We needed a new wheelbarrow and wanted a big one that could carry big loads of woodchips for mulching. We typically get entire dumptruck loads of woodchips for free from our local tree guy. He has to pay to dispose of them and we need them for mulching! Win-win. Next time you see a tree crew working in your neighborhood, ask them and they will usually drop them off for free. We will post more about our excessive use of mulch in future posts.
After you have a 10-15 cubic yards of nice fresh wood chips, you’ll need somewhere to put them and someway to move them around. We have a side-driveway at the highest elevation on our property, so they are always going down hill.
I had about destroyed a wheelbarrow in 2-years with all the masonry work we were doing building stone walls, pizza ovens and patios. We must have chopped 1000 batches of mud in this poor wheelbarrow and it was about to give up. We drove down to our local big-box store and saw that they had these fancy two-wheeled wheelbarrows with giant plastic tubs on them. I thought about it for a while and I really like the two-wheel axle and the whole undercarriage was sturdy but the plastic tub just looked like it would pop off after a few loads. We had this darn thing for less than 6-months and indeed, the *reinforced* plastic around the four carriage bolts holding the tub onto the base busted out and set the tub skidding down the driveway.
What to do now? Go buy another one? (Nah, it’ll break too) Go get another metal wheelbarrow and throw this thing into the landfill?
This is where one needs to engage their internal “redneck-engineer”.
Starting with the base, we had to cut some wedges out of pressure treated 2x12s to get the platform up above the wheels and lag-bolted them to the wood handles using the same holes where the carriage bolts attached the tub.
Then we then built a platform with regular pressure treated 2x4s.
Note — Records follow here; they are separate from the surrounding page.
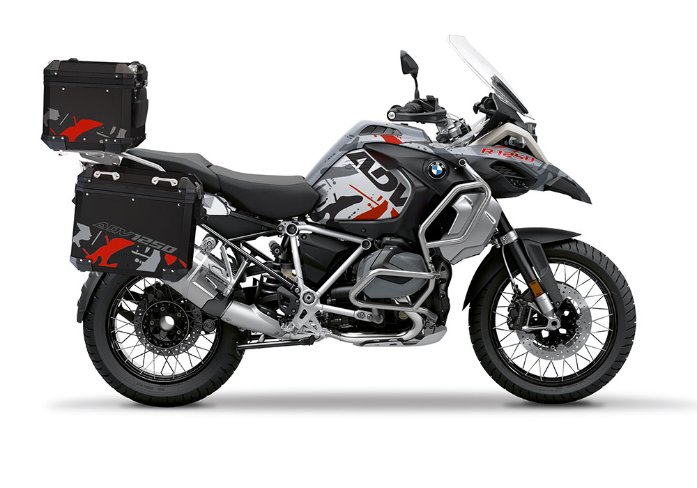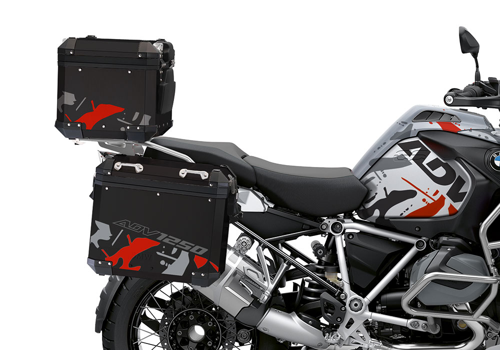 BMW Black Aluminum Top Box Safari Grey & Red Stickers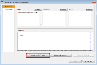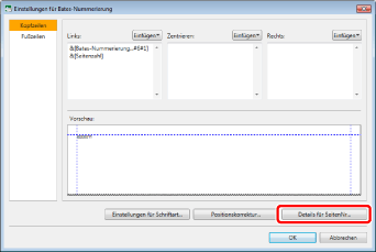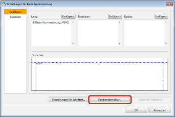 Um die Anzeigeposition für die Bates-Nummer auf die Standardposition zurückzusetzen, klicken Sie auf [Standard wiederherstellen].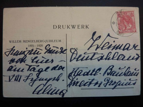 1920. Gustav Mahler Festival Amsterdam 1920. Postcard Alma Mahler (1879-1964) to Walter Gropius (1883-1969) in Weimar. About Symphony No. 8 (21-05-1920).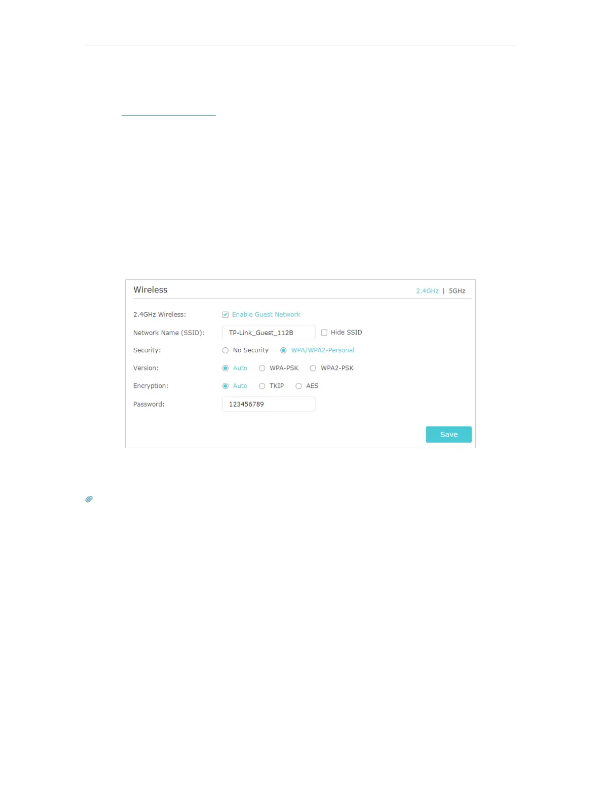 4. Click Save. Now your guests can access your guest network using the SSID and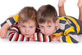 Dwa małe rodzeństwa chłopców dziecko zabawy razem, wewnątrz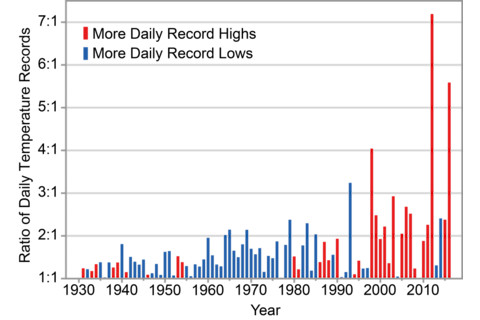美国本土创纪录日气温出现频率的变化。红色条表示日最高气温记录多于日最低气温记录的年份,蓝色条表示日最低气温记录多于日最高气温记录的年份。条形高度表示红色年份中最高气温记录与最低气温记录之比,以及蓝色年份中最低气温记录与最高气温记录之比。(来源:NOAA/NCEI)同样,2017年作为美国国家气候变化评估的一部分发布的一份主要报告得出了以下结论——并具有非常高的置信度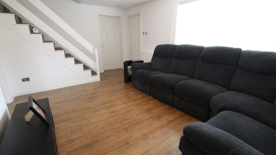 uPVC double glazed window to front elevation, double panel radiator, laminated wood effect flooring, stairs rising to first floor, doors to:

So far we would have had about $10 into this project but I got the lumber at the depot from the “cull-cart” which meant that it was 70% off retail because it was dirty or slightly warped. Certainly not a problem for this project. I wanted the base to be sturdy, so now the walls had to be made of something light or this would be 200 lbs and immovable. We had recently taken down a horizontal wood slat fence recently and carefully removed the 1/2″x6″ pine slats (nice and light) and had them laying around. With a skill saw and a bucket of 3″ sheetrock screws, the walls went up and here is the final product:
OK, it’s a bit heavy and slightly resembles Noah’s Arc, but you can move some serious woodchips and firewood around with this thing! My stepbrother calls it the medeivalbarrow.